Bill Gates came by today to tell me to "get better".
I've been ill for the past couple of days and a little birdy told him to stop by.
And the kids opened the door and let him in.
Me - I think it would have been nicer if he had called in advance, I could have at least taken a shower. But I had enough strength to sit up and fluff my pillows a bit.
He told me that he wanted me to use this three million dollars any way I wanted to and simply left.
Odd fellow, that Bill Gates. Just trotting into my house and plopping down that kind of money like it's pocket change. I suppose he didn't want to catch anything virulently horrid. But he should know that Hepatitis C isn't contagious. Sigh. Sometimes you'd think one of the smartest people on earth would at least read up a little bit on diseases. But like most people, I suppose, HepC is not that well understood.
So he up and left and now I've got a lot of money to spend.
Goodness knows how I'm actually going to do it.
It's one thing to fantasize about spending money. But when it's actually in your hands what do you really want to do with it?
I think since my truck just broke down and my poor husband has been footing the bills lately and trying to keep up with the housework, since I just don't have the energy anymore or even the will power... Sheesh you should see the house... piles of junk everywhere, I'm beginning to think that my husband is a massive packrat. LOL! But I think... I think... That I'm going to just move the family --- it will be so much easier than cleaning.
I think I will find us a nice cozy ranch house - and buy both the kids decent cars. Nothing sporty or too expensive, you know they will just run them down. But something that will hold some value.
And I think I will put a little fund together for both of them.

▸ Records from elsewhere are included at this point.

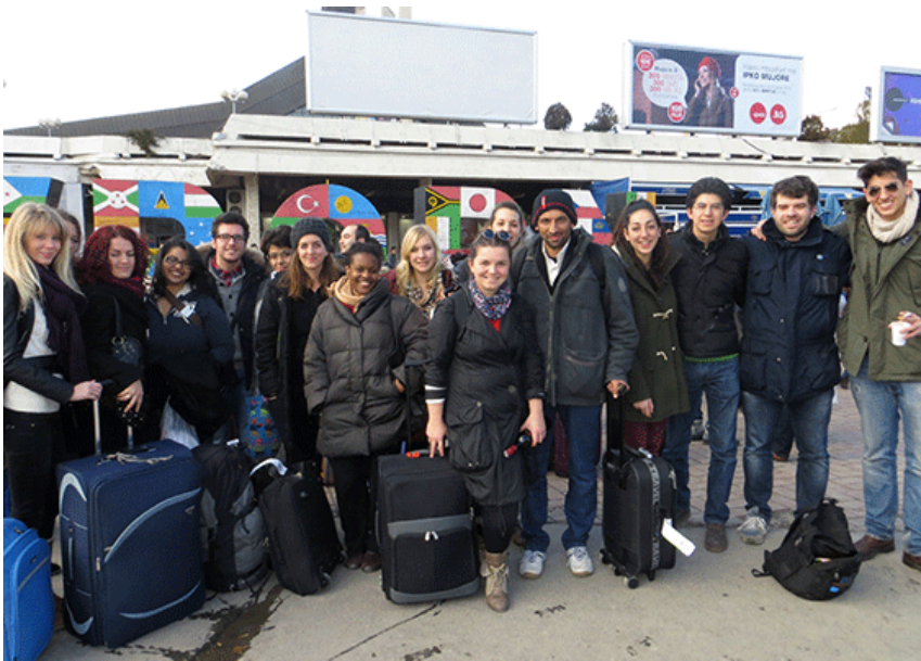
New Born. Some members of the E.MA gang gathered in front of the iconic 'New Born' on the last morning. This monument was erected in 2008 to celebrate the declared independence of Kosovo.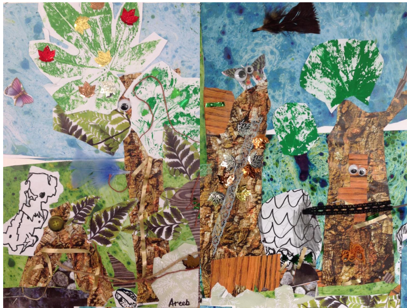
Top left: Areeb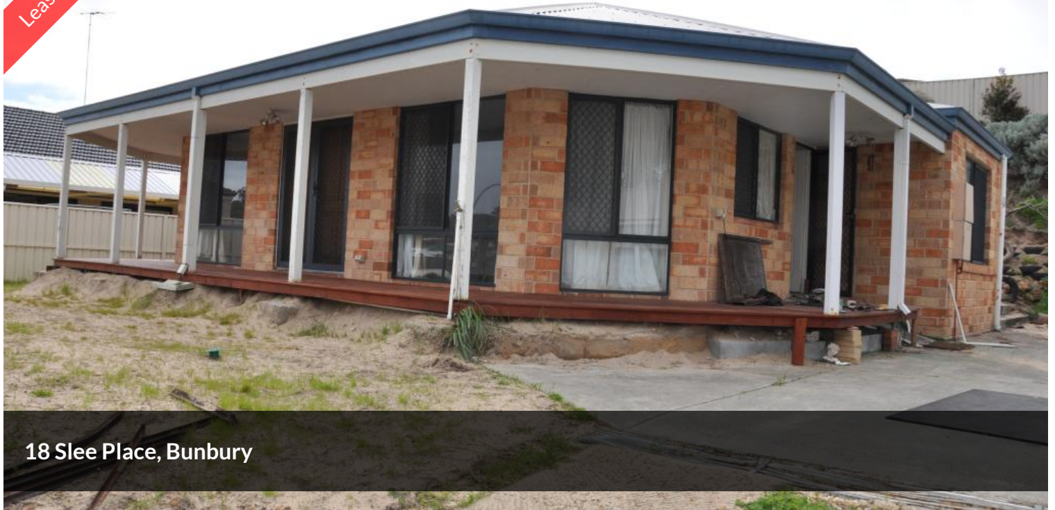
18 Slee Place, Bunbury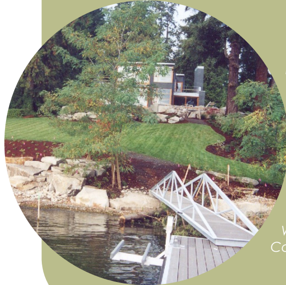
Narrower ramps and walkways reduce overwater shading at the shoreline. Design and photo: The Watershed Company

Then I will buy myself a nice car. nothing fancy. Just something that won't break down in the next few weeks.
Seriously - I just bought (well.. ok the truck broke down and the hubby decided I needed a new car because he doesn't want me walking late at night with the bears here, so... he bought me a new Chevy HHR.) a new car.... So I'll probably have to give that new car away.
I'll pay off the bills - and put a good chunk of one million into some retirement investments.

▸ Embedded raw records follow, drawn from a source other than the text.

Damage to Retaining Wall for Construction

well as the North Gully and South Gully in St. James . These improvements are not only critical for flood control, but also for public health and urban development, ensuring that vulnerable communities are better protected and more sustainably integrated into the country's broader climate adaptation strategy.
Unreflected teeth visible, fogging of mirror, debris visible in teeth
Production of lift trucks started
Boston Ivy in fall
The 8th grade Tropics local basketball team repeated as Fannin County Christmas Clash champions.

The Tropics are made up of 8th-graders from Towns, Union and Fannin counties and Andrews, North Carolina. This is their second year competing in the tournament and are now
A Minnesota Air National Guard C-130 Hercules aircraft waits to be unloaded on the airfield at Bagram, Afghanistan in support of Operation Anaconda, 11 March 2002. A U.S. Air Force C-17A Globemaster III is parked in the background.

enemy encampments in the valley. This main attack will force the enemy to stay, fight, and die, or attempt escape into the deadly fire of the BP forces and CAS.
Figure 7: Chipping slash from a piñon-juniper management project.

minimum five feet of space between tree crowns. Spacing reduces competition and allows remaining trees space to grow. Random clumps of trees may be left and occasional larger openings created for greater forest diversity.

I'm not sure exactly what - but since Bill Gates was such a nice guy, I'll make sure I buy some stock in his big company. Doesn't seem like he's done too terribly bad with it.

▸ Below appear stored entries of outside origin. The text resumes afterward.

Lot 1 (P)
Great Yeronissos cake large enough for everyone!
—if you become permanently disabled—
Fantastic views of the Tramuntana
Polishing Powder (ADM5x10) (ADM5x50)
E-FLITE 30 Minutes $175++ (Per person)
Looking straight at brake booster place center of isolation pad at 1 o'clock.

And then I'll just relax and write stories... I've always wanted to be a writer. You know... A published writer, artist, lyricist. I really do write. I may not have a college education, but I can write.
Words just seem to tumble out of me - that is, when I can function - and I'm not sicker than a dog.
But I think I'll buy myself a few good laptop computers - and some programs to keep me rolling with the writing and the graphic art work that I do.
And I'll go see a few more doctors. Not the ones the insurance company make me see - but some good ones. Maybe one that might know a lot about this disease and specializes in making the person feel better. Instead of just treating the disease - treat the side effects too - from the medication.
And then I'll just live life.
That sounds pretty darn good.
And now that he's left the house - I think I'll take a little nap.